Nederlandse index
Homepage
English index

 

VOORBEELDEN VAN STANDEN VAN DE VINGERTOPREGELAAR

1. Transportstand (Fig. 7).

Fig. 7.
Zet de grote vingertopregelaar geheel naar boven op het binnenste quadrant. Wanneer het werktuig over een lange afstand vervoerd moet worden, moet de diepteregelaar (kleine vingertopregelaar) onderaan het kleine quadrant gezet worden. De diepteregelaar moet in de ingestelde stand blijven staan wanneer het werktuig aan het eind van de werkgang opgeheven wordt.
2. Normaal ploegen en cultiveren (Fig. 8).

Fig. 8.
De grote vingertop regelaar in de onderste helft van het quadrant zodanig stellen, dat de vereiste reactiesnelheid verkregen is. De diepteregelaar moet voorbij de markeringen op het quadrant in het onderste gedeelte gezet worden overeenkomstig de vereiste diepte.
3. Ondiep werken. Zwaar werktuig (Fig. 9).

Fig. 9.
De grote vingertopregelaar in het onderste gedeelte van het quadrant overeenkomstig de vereiste reactiesnelheid.
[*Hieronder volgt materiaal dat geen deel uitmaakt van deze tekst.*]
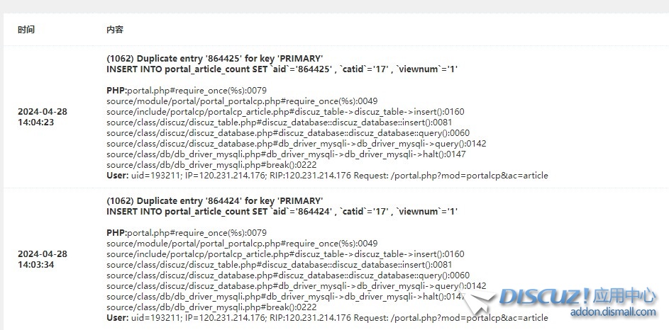 天外飄仙 發(fā)表于 2024-4-28 15:23 不是重復(fù)提交,發(fā)現(xiàn)重復(fù)aid確實(shí)存在,但是這些已經(jīng)是刪除,在門戶回收站了,不知道為什么會重復(fù)用這個aid |

De diepteregelaar vóór de markering in het bovenste gedeelte van het quadrant overeenkomstig de vereiste werkdiepte.

 

 

4. Werktuigen die uitwendig hydraulische druk nodig hebben of om het veiligheidsventiel te laten werken zonder de onderste hefarmen omlaag te houden (Fig. 10).

Fig. 10.
De positie vingertopregelaar in het onderste gedeelte van het quadrant overeenkomstig de vereiste reactiesnelheid. De diepteregelaar vóór de markeringen op het quadrant. Olie zal nu naar uitwendig hydraulisch bediende werktuigen stromen of het veiligheidsventiel zal openen. Beweging van deze regelaar naar onder en voorbij de markeringen op het quadrant zal olie van de werktuigen doen terugvloeien.
5. Positieregeling. Door de grond gaande werktuigen (Fig. 11).

Fig. 11.
De positie vingertopregelaar in het bovenste gedeelte van het quadrant overeenkomstig de vereiste werkdiepte. De diepteregelaar onderaan het quadrant in de stand voor maximum druk.
6. Positieregelaar. Niet door de grond gaande werktuigen (Fig. 12).

Fig. 12.
De positie vingertopregelaar in het bovenste gedeelte van het quadrant overeenkomstig de hoogte waarop het werktuig moet werken. De diepteregelaar op of voorbij de markering op het quadrant.